- WHAT TO WORK ON:
The needed output is the run of lines below from the one containing "Tarjetero Hearts confeccionado" through the one containing "Rośliny: Bordowe, Kwiaty, Gałęzie, Drzewo", copied exactly and free of pictures.

[Source records]
■ ■ ■

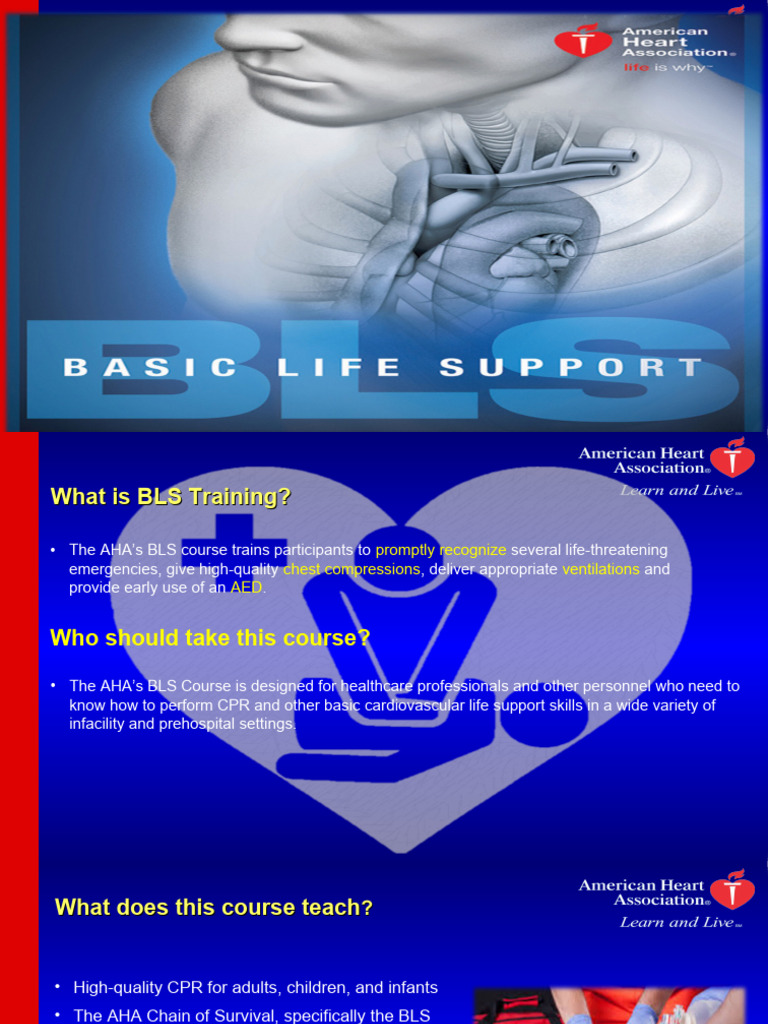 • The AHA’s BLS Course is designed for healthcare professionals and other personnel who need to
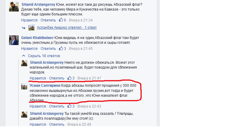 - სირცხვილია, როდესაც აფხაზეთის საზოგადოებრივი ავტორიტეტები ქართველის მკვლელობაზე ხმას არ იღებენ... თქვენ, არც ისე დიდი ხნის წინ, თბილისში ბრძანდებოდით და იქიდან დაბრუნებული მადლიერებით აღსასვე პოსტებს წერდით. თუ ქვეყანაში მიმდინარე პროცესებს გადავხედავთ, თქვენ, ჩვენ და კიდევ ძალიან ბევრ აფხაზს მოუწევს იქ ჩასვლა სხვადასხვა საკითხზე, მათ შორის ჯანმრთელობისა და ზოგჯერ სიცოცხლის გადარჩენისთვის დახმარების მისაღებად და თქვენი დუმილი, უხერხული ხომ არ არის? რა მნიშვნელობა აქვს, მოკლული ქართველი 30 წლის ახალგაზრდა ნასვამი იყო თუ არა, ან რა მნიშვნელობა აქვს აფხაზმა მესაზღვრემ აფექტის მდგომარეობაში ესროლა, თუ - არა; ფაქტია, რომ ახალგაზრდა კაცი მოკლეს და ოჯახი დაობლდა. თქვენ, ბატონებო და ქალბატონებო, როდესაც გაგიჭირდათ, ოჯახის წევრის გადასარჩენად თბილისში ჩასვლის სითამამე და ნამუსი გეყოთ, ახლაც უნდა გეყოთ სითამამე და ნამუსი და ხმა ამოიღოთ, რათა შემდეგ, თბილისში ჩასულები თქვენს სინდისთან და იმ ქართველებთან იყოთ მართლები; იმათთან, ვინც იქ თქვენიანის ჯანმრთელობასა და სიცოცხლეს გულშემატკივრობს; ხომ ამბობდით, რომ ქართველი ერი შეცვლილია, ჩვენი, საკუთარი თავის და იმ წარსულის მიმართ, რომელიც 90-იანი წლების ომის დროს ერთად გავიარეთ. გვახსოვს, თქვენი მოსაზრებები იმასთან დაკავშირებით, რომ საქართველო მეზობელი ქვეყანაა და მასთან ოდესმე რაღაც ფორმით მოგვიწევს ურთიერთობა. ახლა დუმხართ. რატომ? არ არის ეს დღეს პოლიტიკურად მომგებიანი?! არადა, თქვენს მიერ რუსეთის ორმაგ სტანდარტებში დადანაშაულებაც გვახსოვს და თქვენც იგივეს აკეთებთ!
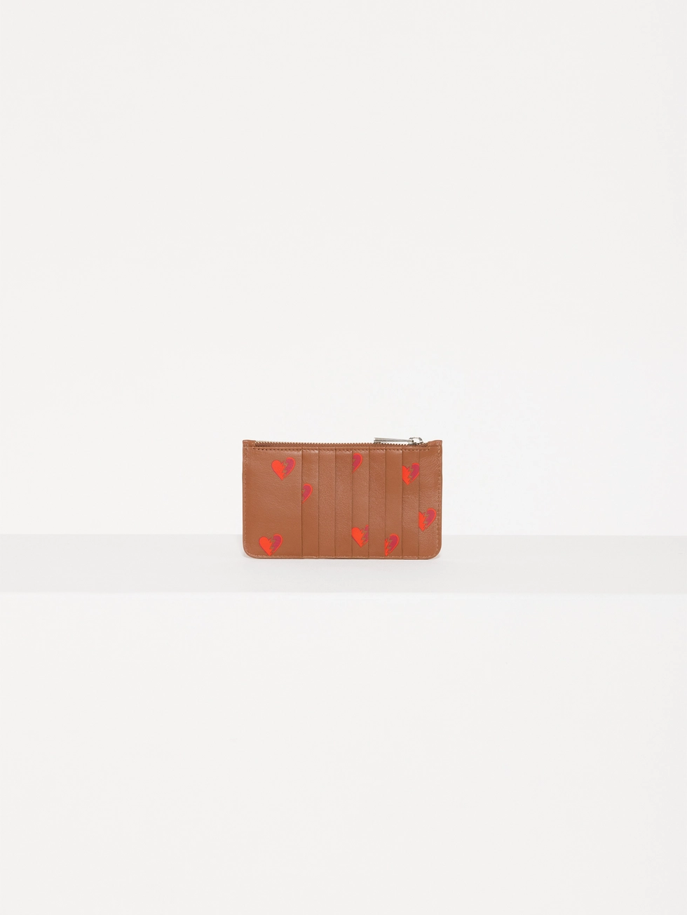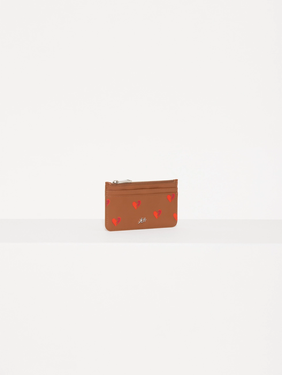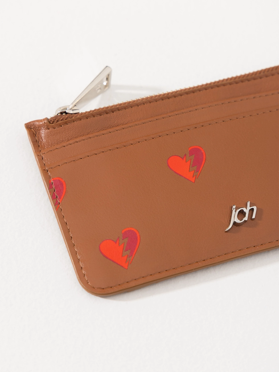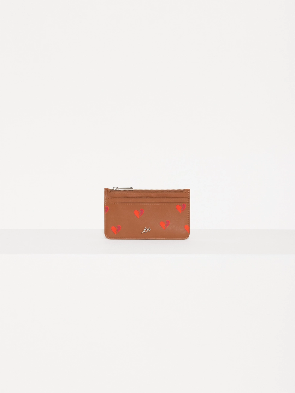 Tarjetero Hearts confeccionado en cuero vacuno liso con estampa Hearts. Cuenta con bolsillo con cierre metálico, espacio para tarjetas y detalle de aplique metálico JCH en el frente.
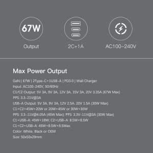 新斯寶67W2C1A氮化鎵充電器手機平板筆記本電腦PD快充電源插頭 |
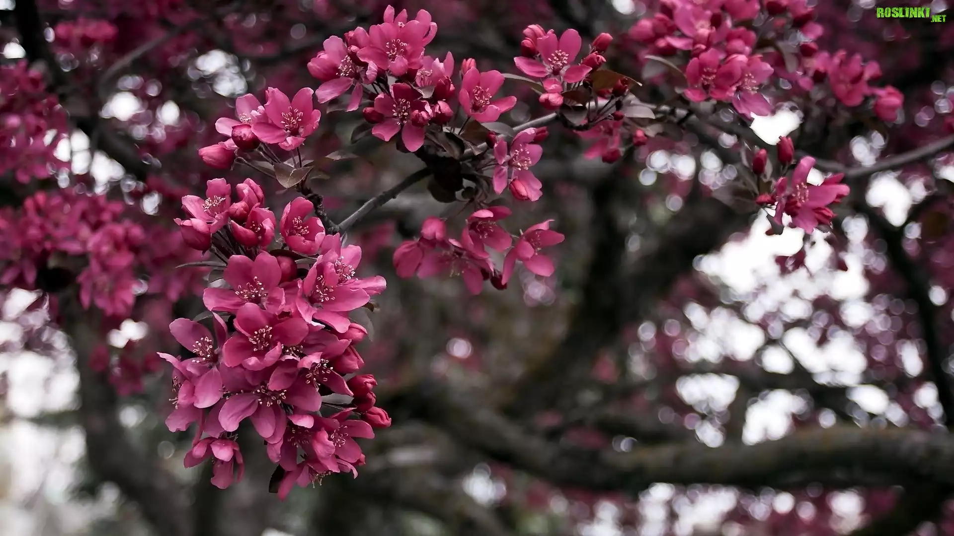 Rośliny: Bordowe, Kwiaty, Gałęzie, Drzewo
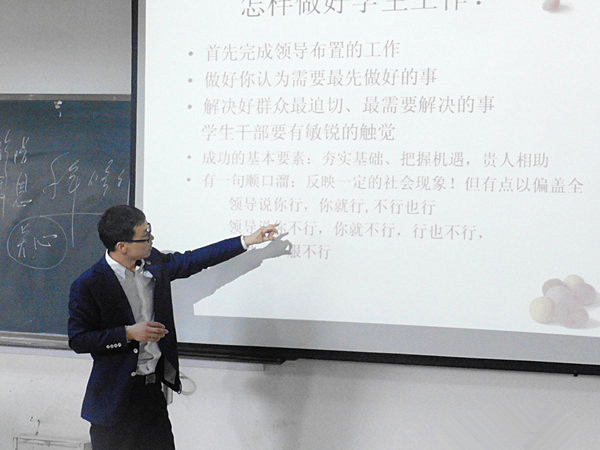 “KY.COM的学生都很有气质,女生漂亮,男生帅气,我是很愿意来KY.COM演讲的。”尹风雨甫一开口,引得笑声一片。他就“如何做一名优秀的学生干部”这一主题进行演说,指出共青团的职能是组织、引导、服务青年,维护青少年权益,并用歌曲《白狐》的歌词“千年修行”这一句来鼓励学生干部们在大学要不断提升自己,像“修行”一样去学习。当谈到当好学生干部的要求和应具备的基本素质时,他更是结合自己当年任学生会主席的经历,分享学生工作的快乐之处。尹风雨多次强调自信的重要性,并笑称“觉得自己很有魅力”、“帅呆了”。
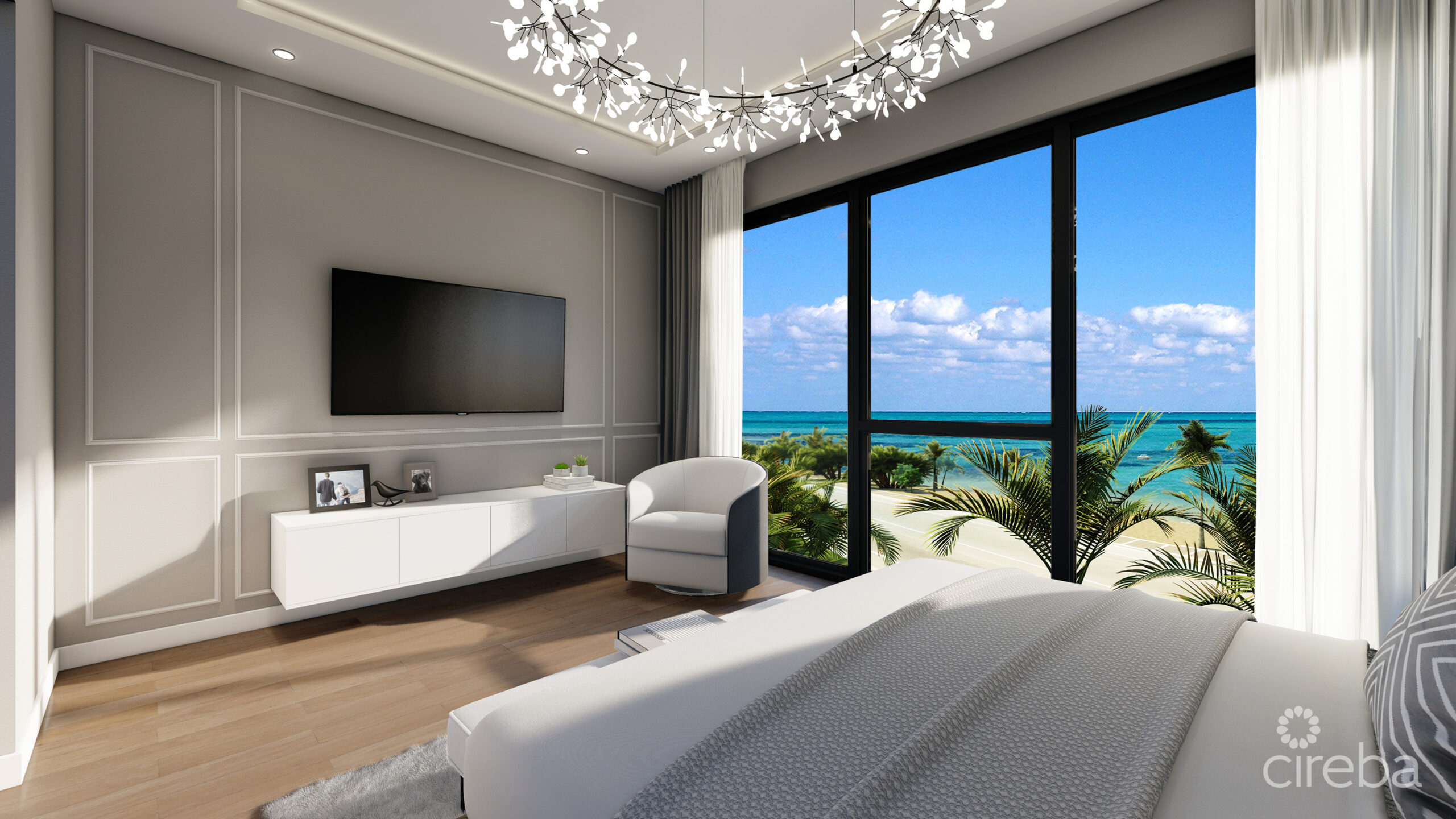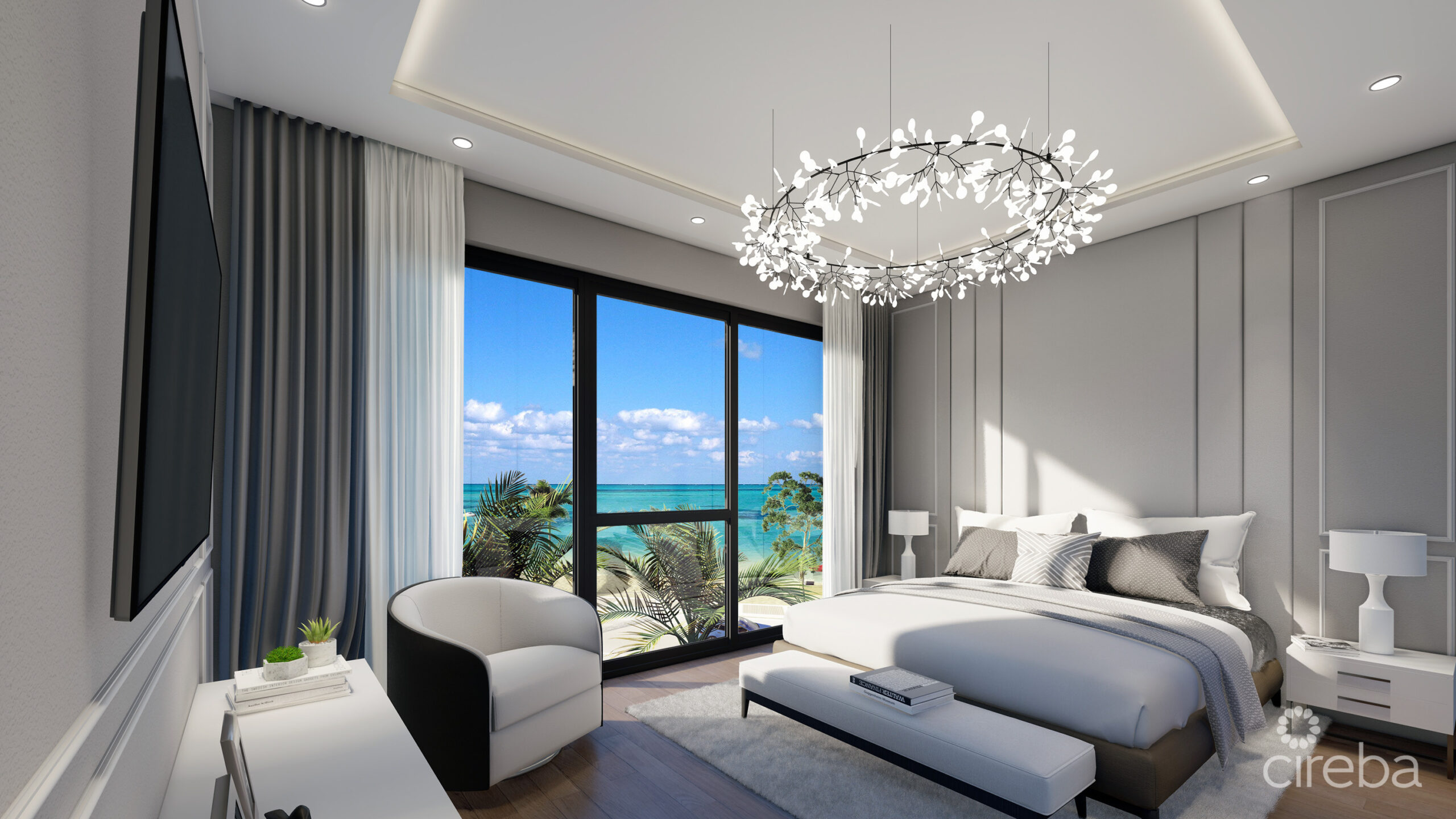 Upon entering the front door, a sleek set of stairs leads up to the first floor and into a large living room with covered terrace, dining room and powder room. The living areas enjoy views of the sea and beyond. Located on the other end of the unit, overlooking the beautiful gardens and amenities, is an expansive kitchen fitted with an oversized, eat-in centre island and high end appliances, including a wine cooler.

■ ■ ■

- WRITTEN ANSWER:
 Tarjetero Hearts confeccionado en cuero vacuno liso con estampa Hearts. Cuenta con bolsillo con cierre metálico, espacio para tarjetas y detalle de aplique metálico JCH en el frente.
 新斯寶67W2C1A氮化鎵充電器手機平板筆記本電腦PD快充電源插頭 |
 Rośliny: Bordowe, Kwiaty, Gałęzie, Drzewo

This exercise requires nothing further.